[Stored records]
━━━━━━

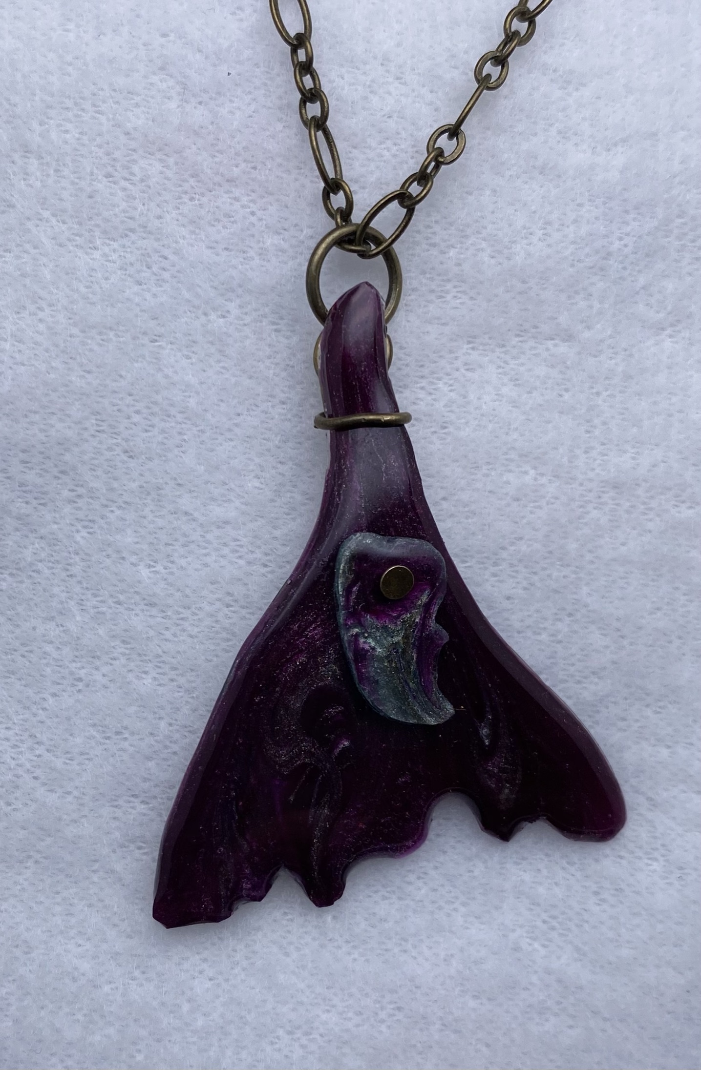 This fun and unique pendant has the perfect combination of shimmery deep purple and frosty pale green accents. The pendant and attached accent piece are acrylic resin and made to last! A true one-of-a-kind piece would make a great gift for someone special or a treat just for you. Current chain is 15″ but can be adjusted upon request.
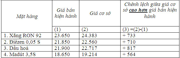 Với nguyên tắc và các thông số tính toán như trên, giá cơ sở các mặt hàng xăng dầu so với giá bán hiện hành như sau:
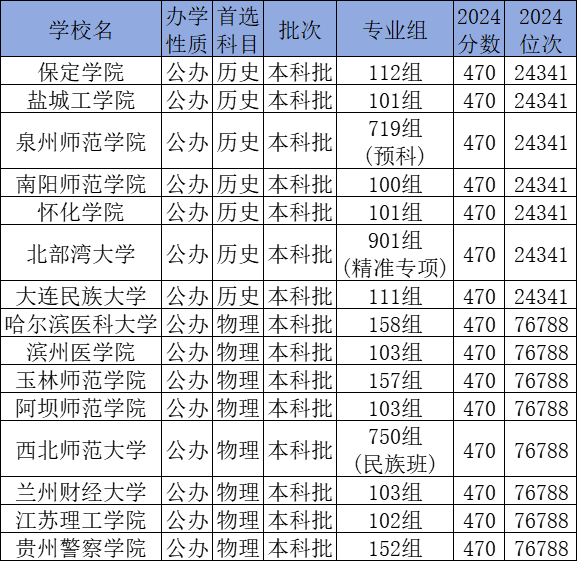 历史类470分能上的有保定学院、盐城工学院、泉州师范学院、南阳师范学院等;物理类470分能上的有哈尔滨医科大学、滨州医学院、玉林师范学院、阿坝师范学院等。
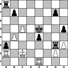 game notation in PGN-format [Event "MNX1"] [Site "www.myChess.de"] [Date "2015.03.13"] [Round "1"] [White "kalle"] [Black "spiderman"] [ECO "B01"] [WhitemyELO "1603"] [BlackmyELO "1735"] [Result "0-1"] [TimeControl "10/2592000"] [WhiteDays "30"] [BlackDays "27"] [MyChessNo "98510"] 1. e4 d5 2. exd5 Qxd5 3. Nc3 Qe6+ 4. Be2 Qg6 5. Bf3 Nf6 6. Nge2 e5 7. d3 Bc5 8. Be3 Bxe3 9. fxe3 O-O 10. Qd2 Na6 11. Ng3 Ng4 12. O-O-O Rd8 13. h3 Nxe3 14. Qxe3 Qxg3 15. Ne4 Qf4 16. Qd2 Qxd2+ 17. Nxd2 f6 18. Kb1 Nc5 19. a3 Be6 20. Kc1 a5 21. Ne4 Nxe4 22. Bxe4 Bd5 23. Rde1 Kf7 24. Rhf1 Bxe4 25. Rxe4 Ke6 26. Rfe1 c5 27. b4 cxb4 28. axb4 a4 29. Kb2 a3+ 30. Kb3 Ra6 31. Ra1 Rda8 32. Ra2 h5 33. Re1 f5 34. Rea1 e4 35. dxe4 fxe4 36. c4 Rd6 37. Re1 Rd3+ 38. Kc2 Ke5 39. c5 Rg3 0-1 position notation in FEN-format r7/1p4p1/8/2P1k2p/1P2p3/p5rP/R1K3P1/4R3 - - - 1 40 Captured white pieces: Captured black pieces: Click on a captured piece in order to display the desired move!
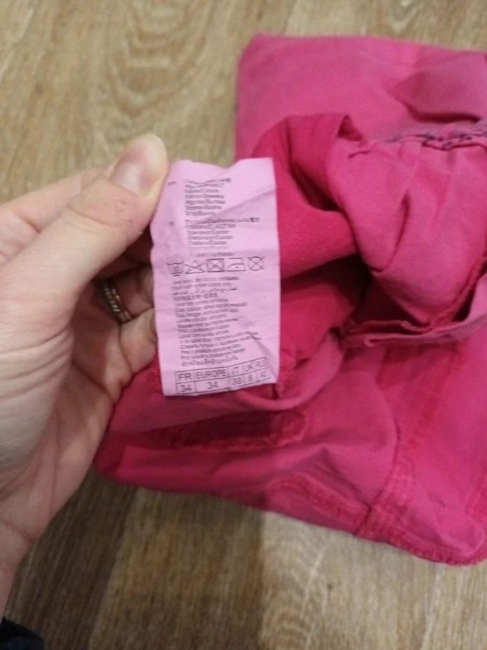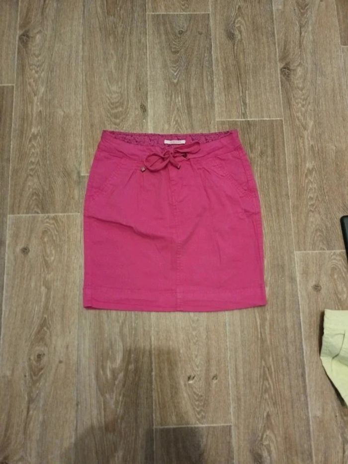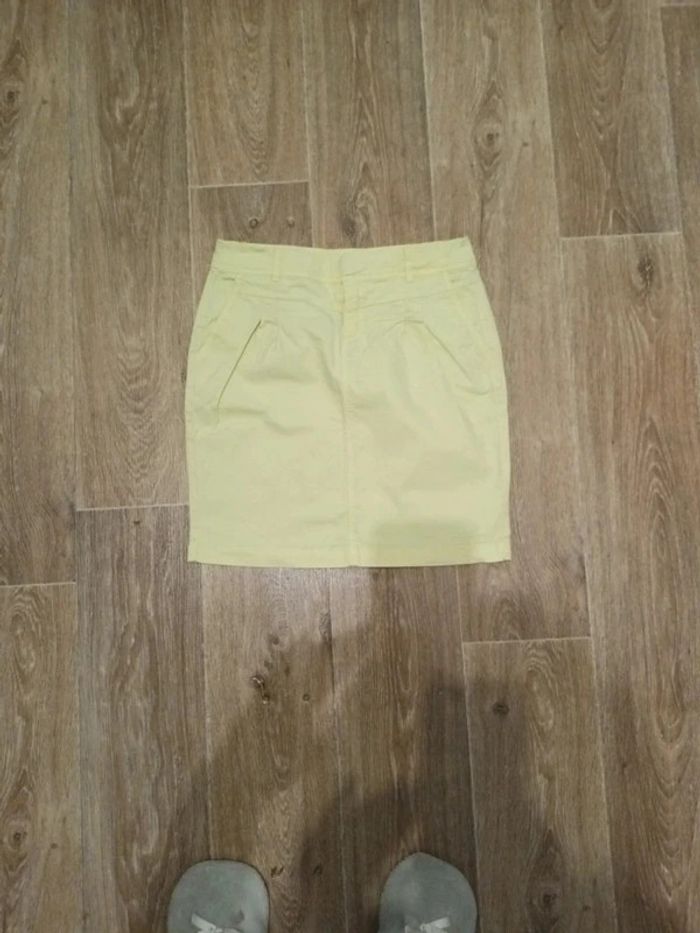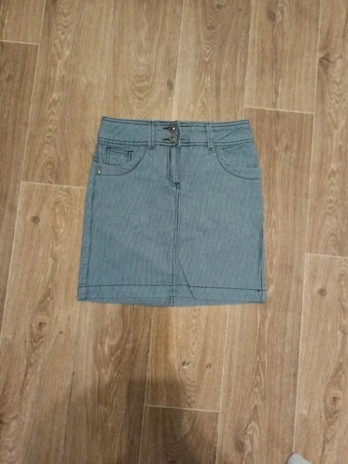 Jupe femme jaune Quelques petites tâches à l'arrière peu visibles (voir photos) Jupe femme rose fuschia Quelques mini tâches (voir photo) Un peu usé sur le bas Jupe femme rayée Bleue et blanche Jupe femme Taille 34 Coutures au bas de la jupe un peu noircie (voir photo)
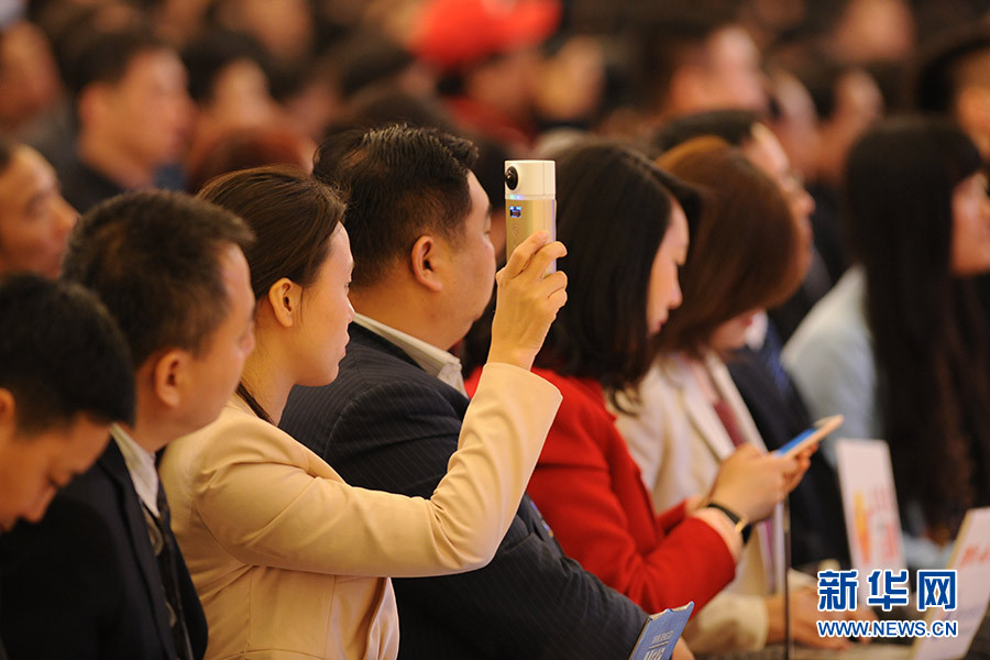 3月16日上午,國務院總理李克強在人民大會堂三樓金色大廳會見采訪十二屆全國人大四次會議的中外記者并回答記者提出的問題。圖為新華網VR報道總理記者會。新華網/中國政府網 陳杰攝

━━━━━━

§ **TO DO**
Extract the part of the records that opens with the line containing "历史类470分能上的有保定学" and closes with the line containing "Jupe femme jaune". Take only those lines, exactly, and no pictures.

§ **EXERCISE SOLUTION**
 历史类470分能上的有保定学院、盐城工学院、泉州师范学院、南阳师范学院等;物理类470分能上的有哈尔滨医科大学、滨州医学院、玉林师范学院、阿坝师范学院等。
 game notation in PGN-format [Event "MNX1"] [Site "www.myChess.de"] [Date "2015.03.13"] [Round "1"] [White "kalle"] [Black "spiderman"] [ECO "B01"] [WhitemyELO "1603"] [BlackmyELO "1735"] [Result "0-1"] [TimeControl "10/2592000"] [WhiteDays "30"] [BlackDays "27"] [MyChessNo "98510"] 1. e4 d5 2. exd5 Qxd5 3. Nc3 Qe6+ 4. Be2 Qg6 5. Bf3 Nf6 6. Nge2 e5 7. d3 Bc5 8. Be3 Bxe3 9. fxe3 O-O 10. Qd2 Na6 11. Ng3 Ng4 12. O-O-O Rd8 13. h3 Nxe3 14. Qxe3 Qxg3 15. Ne4 Qf4 16. Qd2 Qxd2+ 17. Nxd2 f6 18. Kb1 Nc5 19. a3 Be6 20. Kc1 a5 21. Ne4 Nxe4 22. Bxe4 Bd5 23. Rde1 Kf7 24. Rhf1 Bxe4 25. Rxe4 Ke6 26. Rfe1 c5 27. b4 cxb4 28. axb4 a4 29. Kb2 a3+ 30. Kb3 Ra6 31. Ra1 Rda8 32. Ra2 h5 33. Re1 f5 34. Rea1 e4 35. dxe4 fxe4 36. c4 Rd6 37. Re1 Rd3+ 38. Kc2 Ke5 39. c5 Rg3 0-1 position notation in FEN-format r7/1p4p1/8/2P1k2p/1P2p3/p5rP/R1K3P1/4R3 - - - 1 40 Captured white pieces: Captured black pieces: Click on a captured piece in order to display the desired move!
 Jupe femme jaune Quelques petites tâches à l'arrière peu visibles (voir photos) Jupe femme rose fuschia Quelques mini tâches (voir photo) Un peu usé sur le bas Jupe femme rayée Bleue et blanche Jupe femme Taille 34 Coutures au bas de la jupe un peu noircie (voir photo)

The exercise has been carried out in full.